▶ [Given data]
***

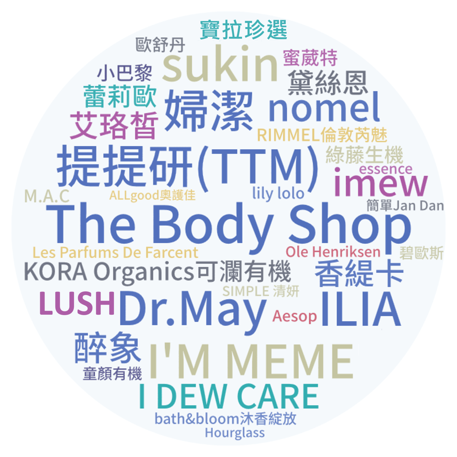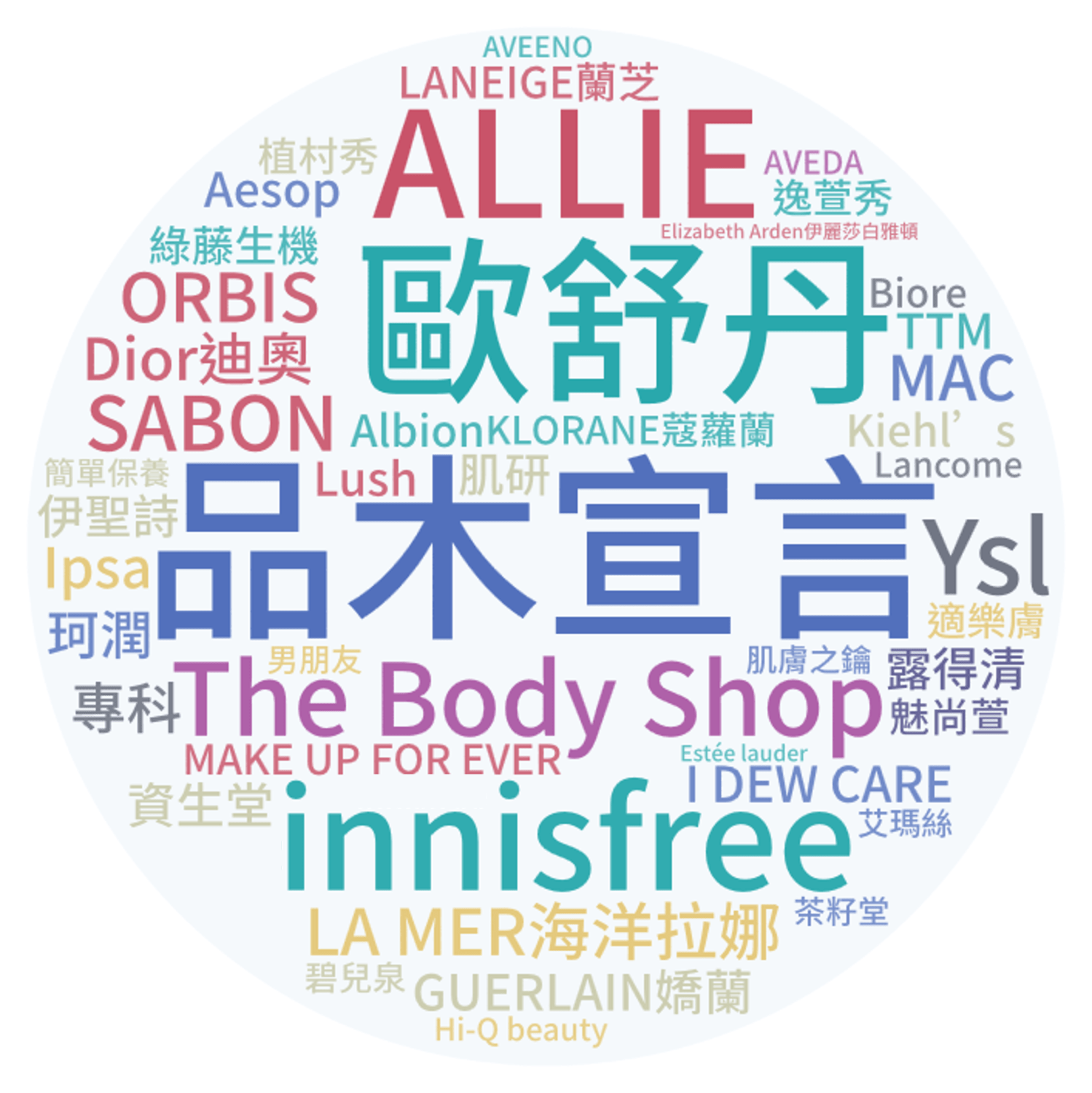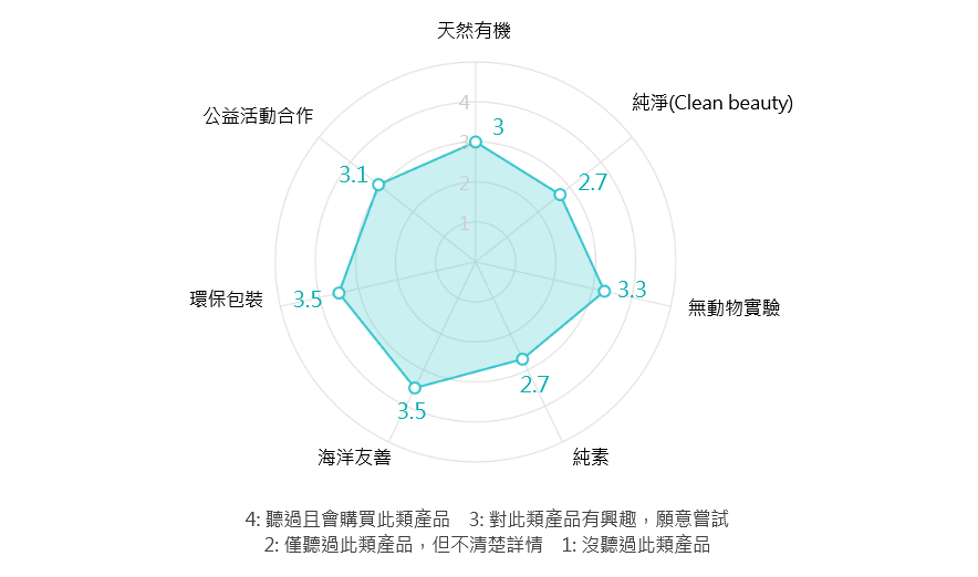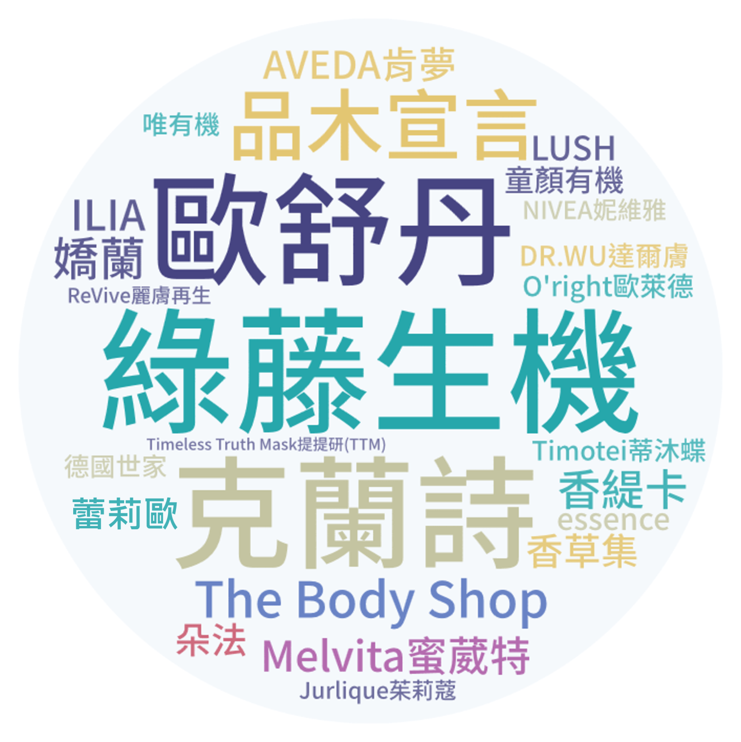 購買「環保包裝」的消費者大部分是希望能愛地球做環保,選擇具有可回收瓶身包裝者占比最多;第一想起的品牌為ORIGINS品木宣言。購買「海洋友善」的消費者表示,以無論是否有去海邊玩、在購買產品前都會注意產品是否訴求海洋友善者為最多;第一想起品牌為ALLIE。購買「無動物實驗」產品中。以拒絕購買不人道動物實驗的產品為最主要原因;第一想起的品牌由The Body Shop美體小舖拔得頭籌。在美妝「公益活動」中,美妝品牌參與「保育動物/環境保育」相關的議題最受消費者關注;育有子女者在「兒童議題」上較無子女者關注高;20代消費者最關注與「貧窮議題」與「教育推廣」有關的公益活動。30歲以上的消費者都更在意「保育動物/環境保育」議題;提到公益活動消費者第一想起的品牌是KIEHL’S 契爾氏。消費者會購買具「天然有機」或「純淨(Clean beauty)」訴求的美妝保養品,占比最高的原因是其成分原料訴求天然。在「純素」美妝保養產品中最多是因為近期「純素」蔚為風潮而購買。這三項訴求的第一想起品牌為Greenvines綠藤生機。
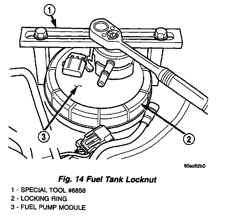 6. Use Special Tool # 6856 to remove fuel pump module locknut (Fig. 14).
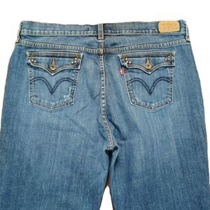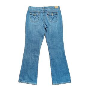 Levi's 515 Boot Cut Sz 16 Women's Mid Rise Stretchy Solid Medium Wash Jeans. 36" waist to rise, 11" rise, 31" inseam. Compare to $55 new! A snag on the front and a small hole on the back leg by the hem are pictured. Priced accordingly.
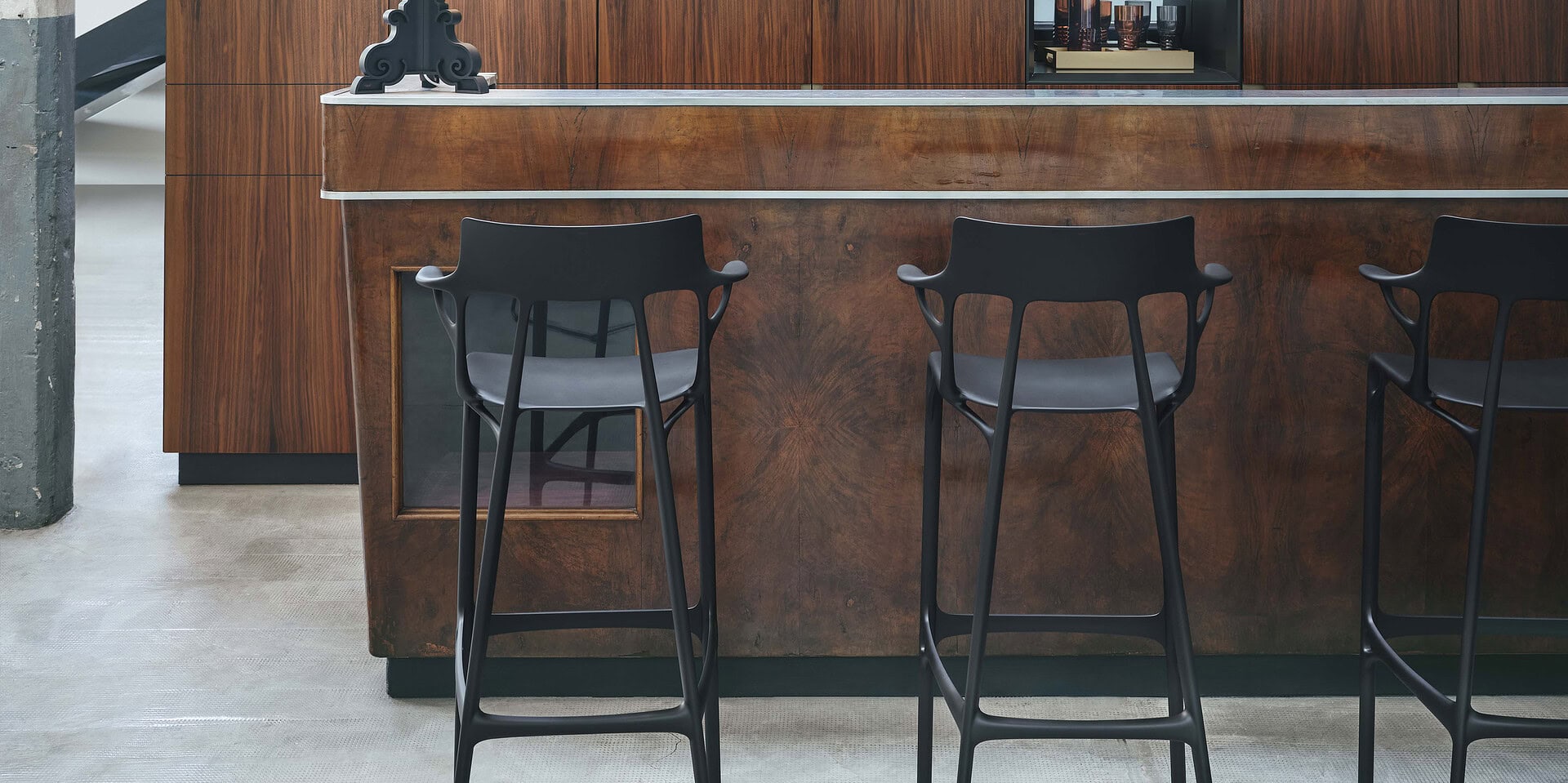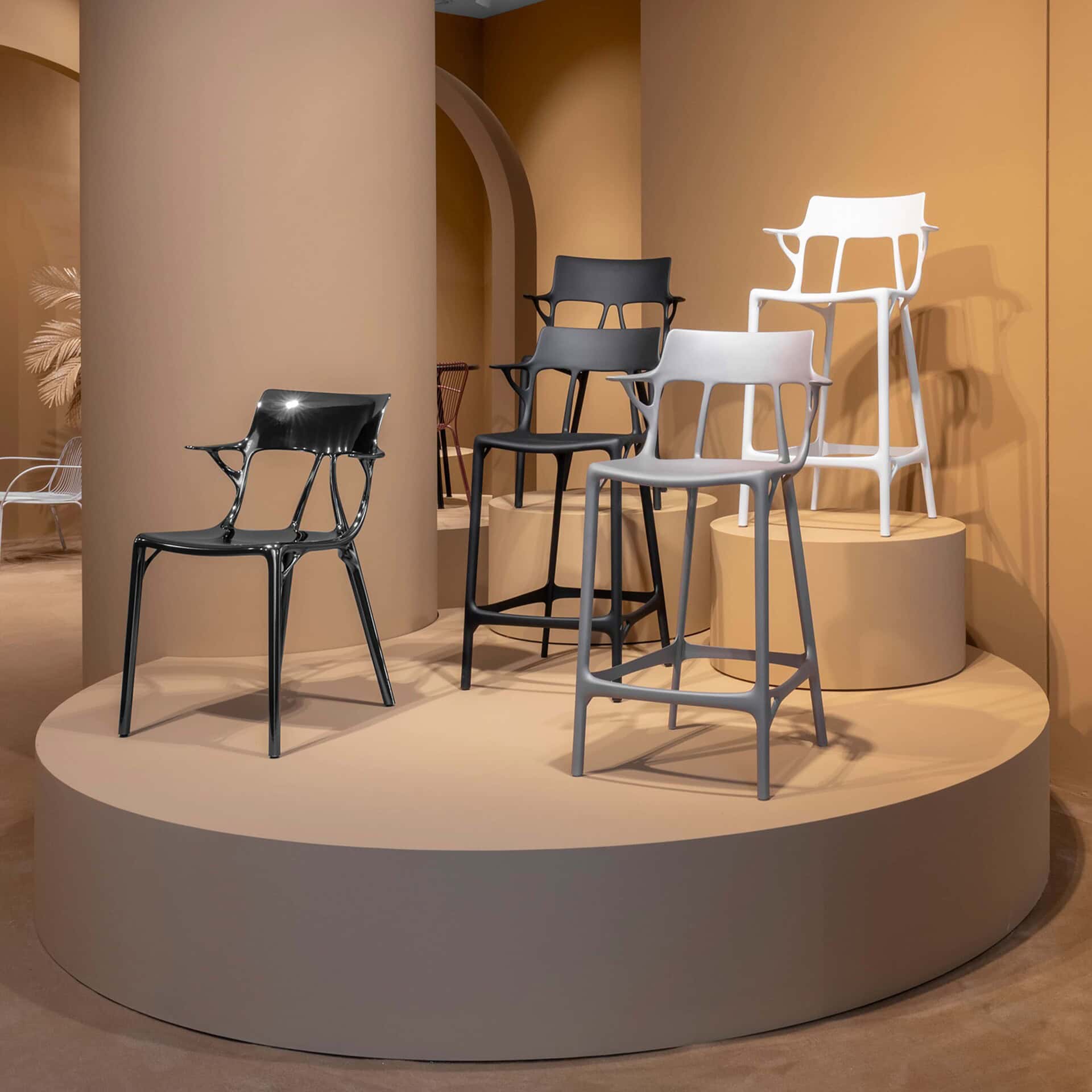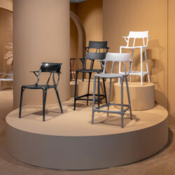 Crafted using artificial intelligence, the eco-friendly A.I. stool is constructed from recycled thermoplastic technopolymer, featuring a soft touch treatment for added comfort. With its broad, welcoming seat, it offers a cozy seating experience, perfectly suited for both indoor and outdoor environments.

***

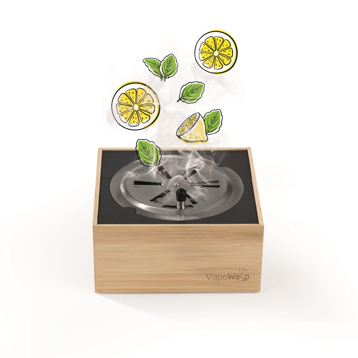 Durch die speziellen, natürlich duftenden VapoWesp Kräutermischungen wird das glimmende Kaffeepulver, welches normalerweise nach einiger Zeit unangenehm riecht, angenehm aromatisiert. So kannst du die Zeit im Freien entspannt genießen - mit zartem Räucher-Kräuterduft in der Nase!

***

▶ [Work to complete] Leaving out all pictures, set down exactly the lines of the material above, from the line with "6. Use Special" to the line with "Crafted using artificial" inclusive, and no others.

▶ [Response to the task]
 6. Use Special Tool # 6856 to remove fuel pump module locknut (Fig. 14).
 Levi's 515 Boot Cut Sz 16 Women's Mid Rise Stretchy Solid Medium Wash Jeans. 36" waist to rise, 11" rise, 31" inseam. Compare to $55 new! A snag on the front and a small hole on the back leg by the hem are pictured. Priced accordingly.
 Crafted using artificial intelligence, the eco-friendly A.I. stool is constructed from recycled thermoplastic technopolymer, featuring a soft touch treatment for added comfort. With its broad, welcoming seat, it offers a cozy seating experience, perfectly suited for both indoor and outdoor environments.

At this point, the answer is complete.